Further, he suggested that Congress, for the most part, also sees the merits of the law.

“Congress has repeatedly, about 10 times since 1992, passed or renewed renewable tax credits, and by 2005 when Congress amended PURPA, about 20 states had renewable portfolio standards on the books,” he said. “Congress certainly could have allowed for exemptions based on those state requirements or based on some metric of renewable energy procurement, or it could have limited PURPA in exchange for extending the tax credits as it did so many times. But Congress never chose to do that.”

With regard to the 2005 amendment to the law, Peskoe said PURPA’s “success in demonstrating that generation could be a competitive business ultimately led Congress to limit its reach.”

Peskoe also posited that utilities’ perceived abundance of capacity from QFs was a problem of utilities’ own doing.

He cited a Lawrence Berkeley National Laboratory study of 12 Western U.S. utilities’ integrated resource plans, which found that “energy consumption growth was overestimated by all but one utility over planning periods beginning in the mid-2000s and ending in 2014. Moreover, peak demand growth was also overestimated in eight of the 11 cases … examined.”

For most of the utilities in the study, their more recent IRPs continued to overestimate demand growth even in the presence of much slower-than-anticipated actual growth. The report released in October 2016 also found that utilities’ acquisition of supply resources generally followed the original planning regardless of observed changes in load.

“When a utility today claims that it has an abundance of QF energy, I suggest it’s worth investigating how the utility’s actions may have contributed to that situation,” Peskoe said.

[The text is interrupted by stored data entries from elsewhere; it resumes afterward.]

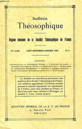 Société Théosophique de France. 1930. In-8. Broché. Bon état, Couv. convenable, Dos satisfaisant, Intérieur frais. Paginé de 186 à 216.. . . . Classification Dewey : 299-Autres religions, théosophie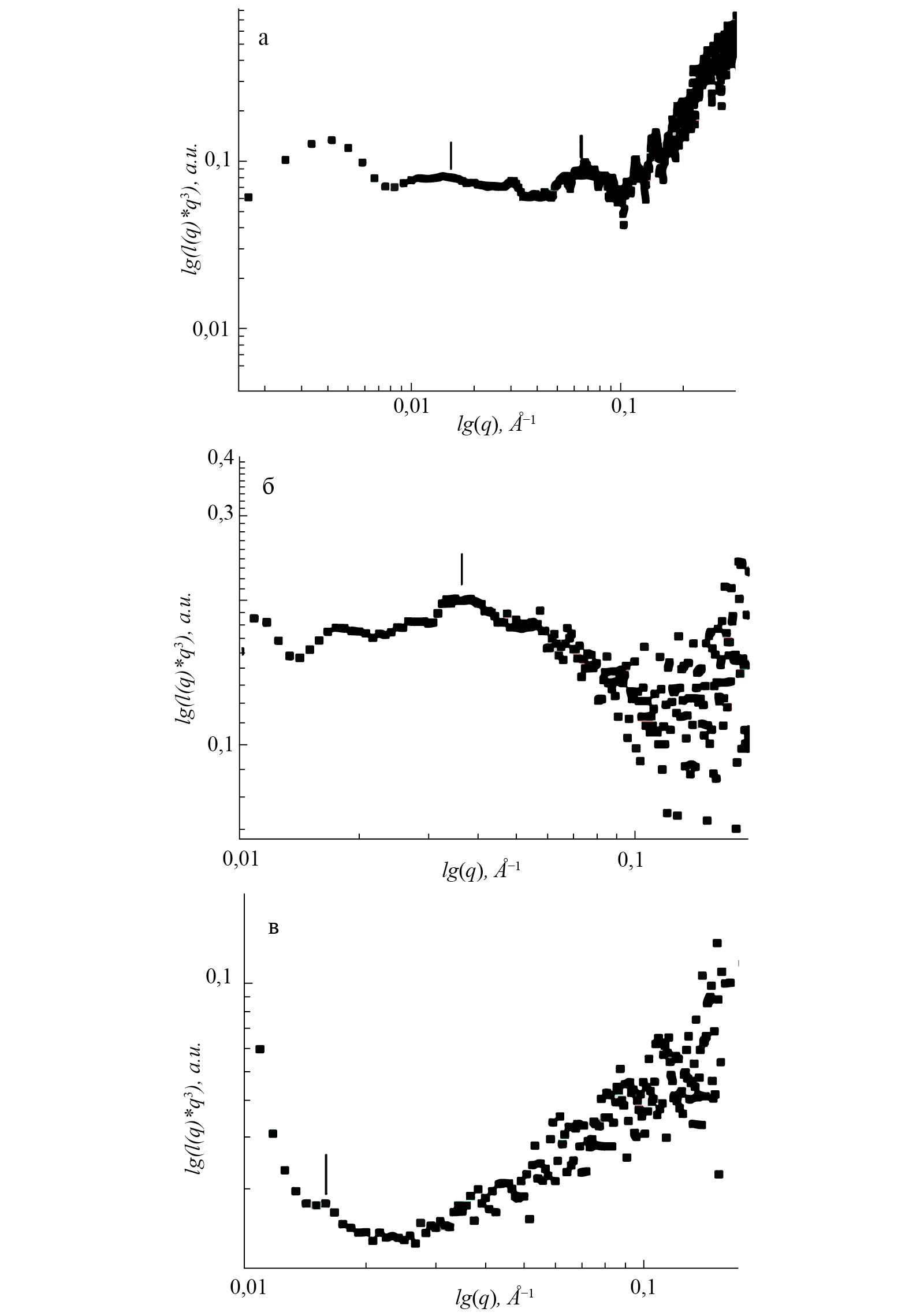Измерения малоуглового рентгеновского рассеяния (МУРР) проводили на рентгеновском спектрометре диффузного типа S3-MicroPIX (Hecus X-Ray Systems GmbH). Первичный рентгеновский пучок генерировали с использованием облучателя Genix (Xenocs) с длиной волны CuKα (λ = 0,154 нм) при 30 кВ и 0,3 мА. При наличии максимума на зависимостях I(q) × q2, значение qmax использовано для оценки среднего размера частиц с использованием радиуса псевдогинье [22] (1). Диаграммы рассеяния в геометрии пропускания были получены в диапазоне волновых векторов q ≈ 0,001–0,23 Å–1.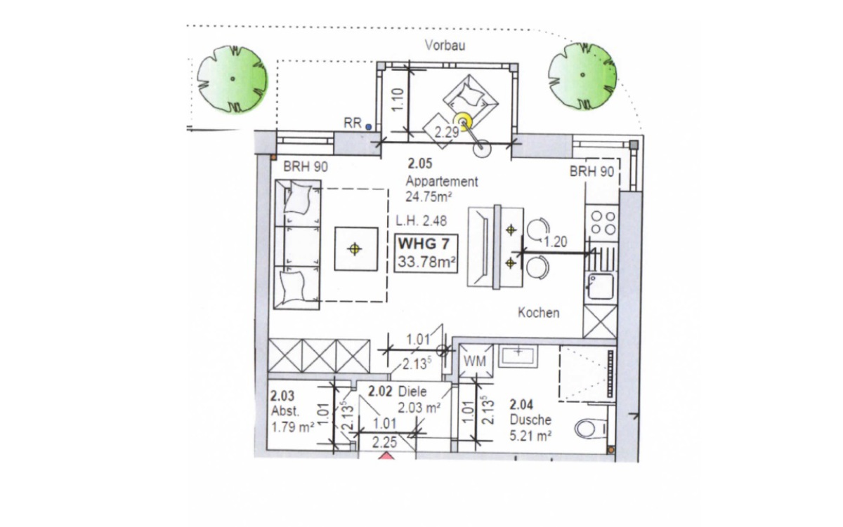 1 Zimmer 33,78 qm Senioren gerecht KFW 70 Energiesparhaus Einbauküche Bad mit Dusche ebenerdig Fußbodenheizung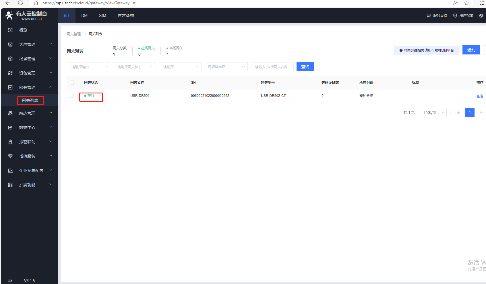 (3)添加完成,返回網(wǎng)關(guān)列表,含有人公司內(nèi)置SIM卡,聯(lián)網(wǎng)正常后,網(wǎng)絡(luò)狀態(tài)在線。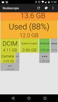Nodescope 、USBストレージのフォルダー構造を表すBOSのツリーを示しています。各ボックスの色とサイズは、そのファイルまたはディレクトリのディスク使用量を表します。各フォルダーの内容は、そのフォルダーのボックスの下に表示されるため、階層にドリルダウンできます。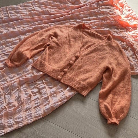 Nydelig hjemmestrikket genser /cardigan i 100% ull.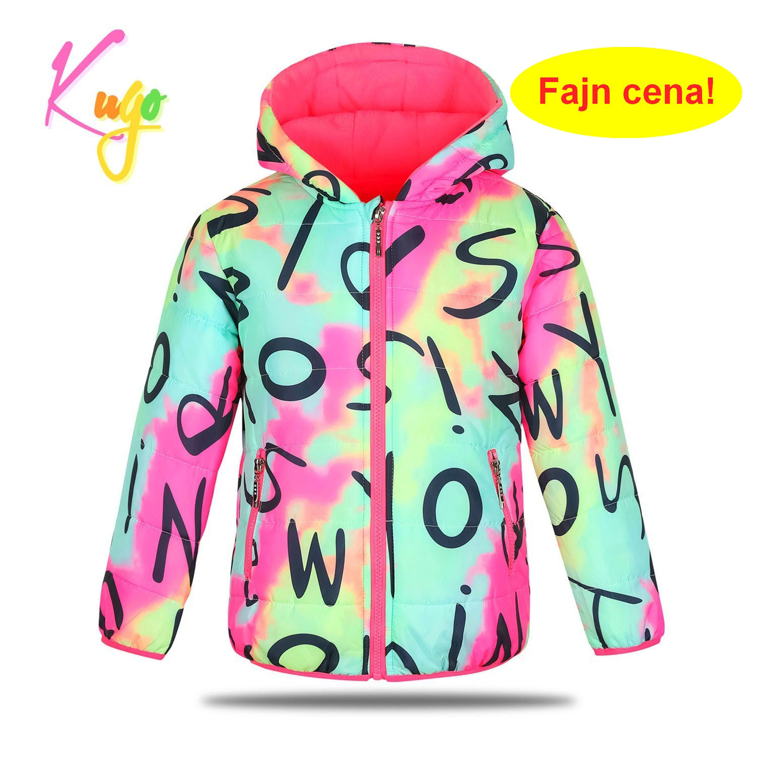 Dívčí zimní šusťáková bunda zateplená jemným flísem: Složení 100% polyester, bunda je prošívaná, vrchní materiál hladký matný šusťák, uvnitř teplá podšívka z jemného flísu, rukávy uvnitř zateplené a podšité šusťákem, zapínání po celé délce až ke krku, kde je krytí, kapuce je napevno, rukávy a dolní okraj mají pružný lem, na bocích dvě kapsy na zip. Bunda je vhodná na mírnou zimu.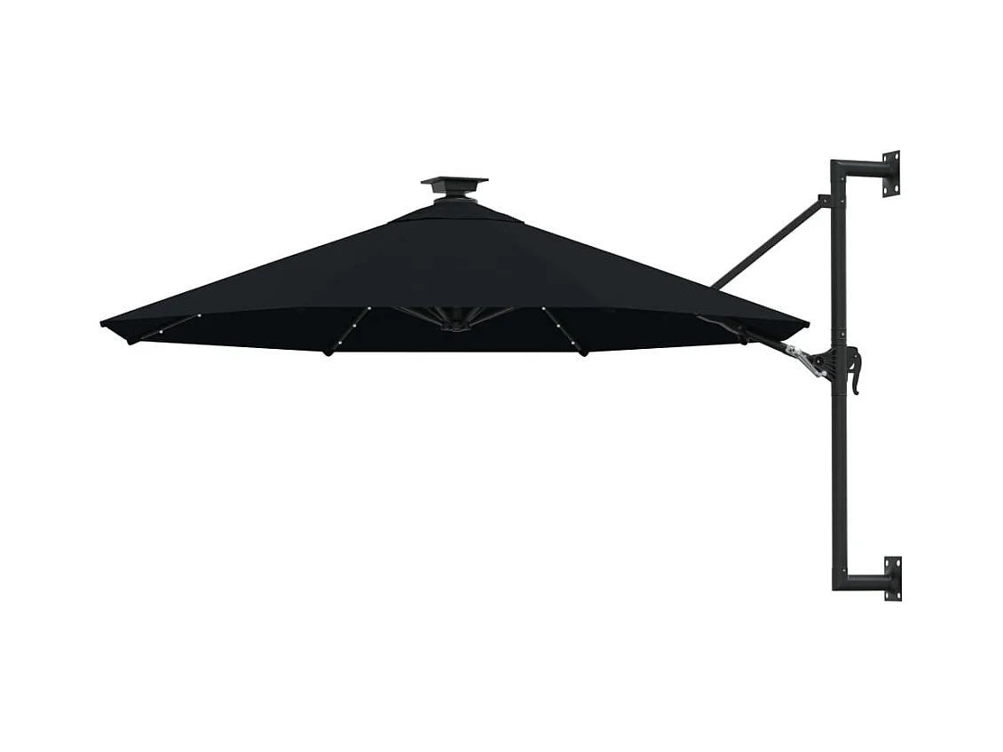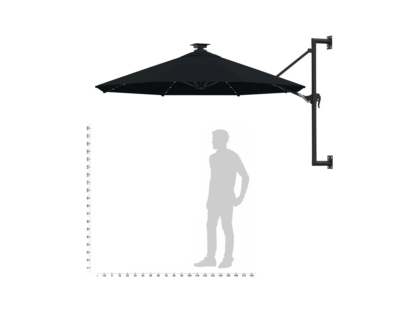 Ombrellone da parete con palo in metallo e LED 300 cm nero 02_0008693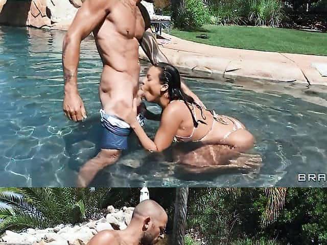 Busty brunette doll Luna Star fucked by the pool as she likes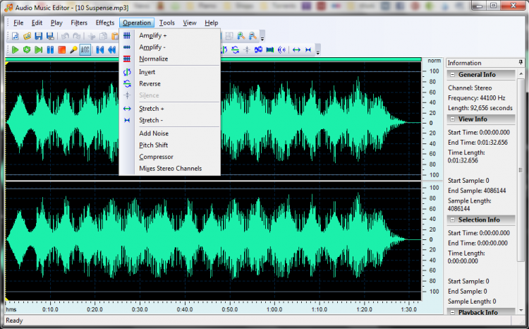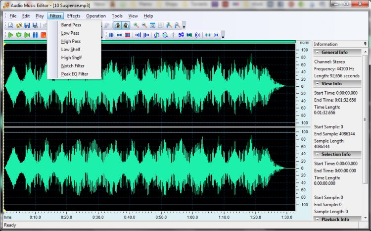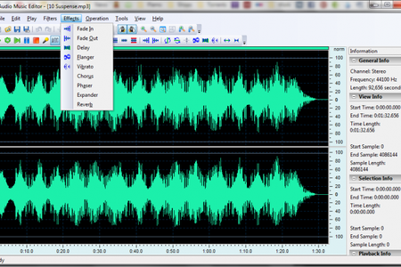 Audio Music Editor также позволяет накладывать разнообразные эффекты и фильтры. В арсенале редактора есть такие эффекты/фильтры, как нарастание/затухание, задержка, реверберация и множество других. Помимо этого в нем есть и редактор тэгов. Это мощный и простой в использовании редактор аудио файлов для Windows, который поможет решить практическую любую задачу.

“To what extent do utilities’ inaccurate load forecasts, failure to account for those mistakes and lack of foresight about the development of renewable energy technologies contribute to their perceived abundance of QF energy? Should utilities be held accountable for these mistakes? How can regulators do so while protecting ratepayers?” Peskoe questioned. “These are obviously not easy questions to answer, but I suggest that they are worth asking.”

FERC ‘agnostic’ to PURPA reforms

Lawrence Greenfield, associate general counsel in FERC’s Office of the General Counsel’s energy markets division, offered during the panel that the commission was “largely agnostic” about changing PURPA.

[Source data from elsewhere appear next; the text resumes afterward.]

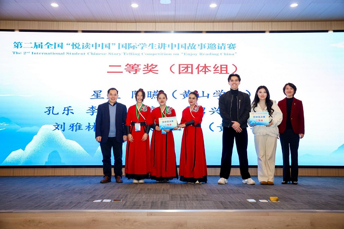 第二届全国“悦读中国”国际学生讲中国故事邀请赛共收到全国44所高校的140件作品,经专家评审,来自39个国家的107位选手的70件作品入围,共赴线下复赛和决赛盛会。评委从语言表达、故事内容、呈现效果等方面对选手进行综合打分,各参赛团队按照抽签顺序依次进行演绎。我校参加复赛两组团队讲述的主题为“老外所吃”和“花木兰的故事”,以新颖的呈现形式和深刻的内涵赢得了评委的一致好评,从复赛的17支团体队伍中脱颖而出,双双晋级决赛。决赛采用现场抽签方式抽取比赛主题及出场顺序。我校两组团队分别以“中国科技”与“城市文化”为主题讲述中国故事,回答评委提问,最终均获得团体组二等奖。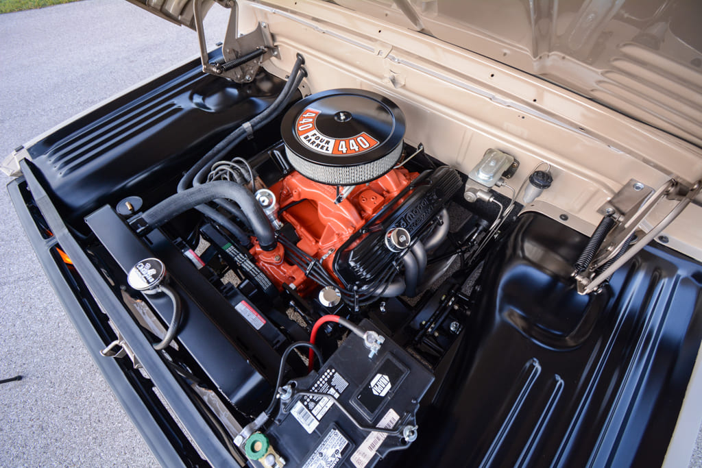 The engine wears Chrysler orange paint with black Mopar performance valve covers, providing a nice contrast in colors. He also used black on the air cleaner with factory-style 440 decals, and then painted the inner fenders and aluminum champion radiator in a semigloss black for a superclean finish. The alternator and power steering pump are also finished in black and use custom bracketry. Behind the 440 is a TREMEC TKO 500 five-speed manual transmission with a mid-shift relocation kit to position the shifter properly inside the cab. Jim used a Hurst shifter with a custom pistol grip handle for the perfect Mopar finishing touch. A McCleod clutch transfers the power, while a custom driveshaft hooks it all up.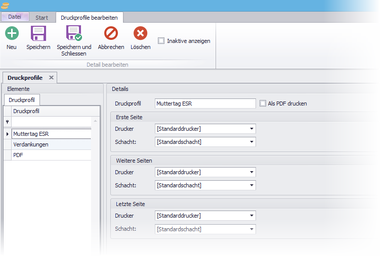 Hier haben Sie die Möglichkeit, verschiedene Druckprofile zu definieren.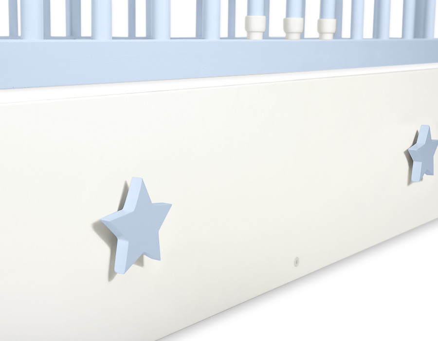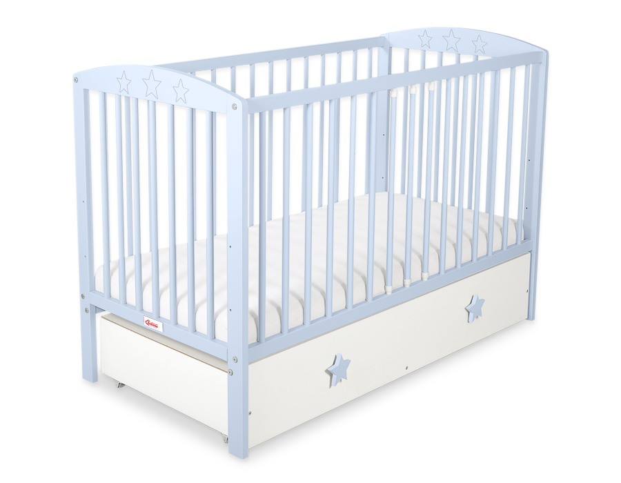 Kleinbaby.nl » Ledikanten 120x60 cm » Ledikanten 120x60cm met lades » Ledikant met Lade Collectie Sterren » Ledikant met Lade Sterren voor Baby 120x60cm Matras Wielen MAXI Wit Sterren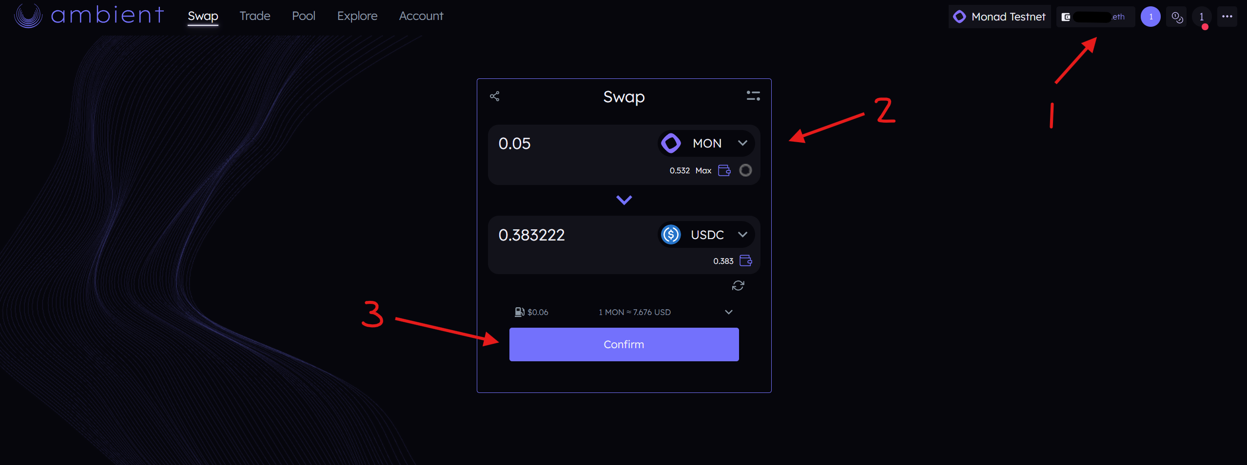 10. Thực hiện swap Ambient. Chọn một cặp và thực hiện giao dịch.

“Across the commission and certainly among commissioners that I have known, there is very much a strong sense that our job is not to implement the statute people might like or might dislike, but rather to carry out whatever Congress has told us they want to see,” Greenfield said.

“Our view is whatever Congress tells us to do, that’s what the hell we’re going to do, for better or for worse,” he said.

But regarding state utility commissioners’ concerns over avoided cost rates, Greenfield noted that FERC regulations and FERC precedent give the states a lot of discretion.

“I’ve often thought, and this is a personal view, that if the states had a process where on a regular basis they were routinely looking at avoided cost rates, … the states would come up with numbers that are perhaps more representative of the true avoided costs and therefore a better target around which parties could actually negotiate,” he said.

“We’ve given you a skeleton, it’s up to you to flesh it out,” he told state commissioners attending the panel discussion. “Use the skeleton but put the muscle where you want. … I think you’ll come up with a better body of rates.”

Jasmin Melvin is a reporter for S&P Global Platts which, like S&P Global Market Intelligence, is owned by S&P Global Inc.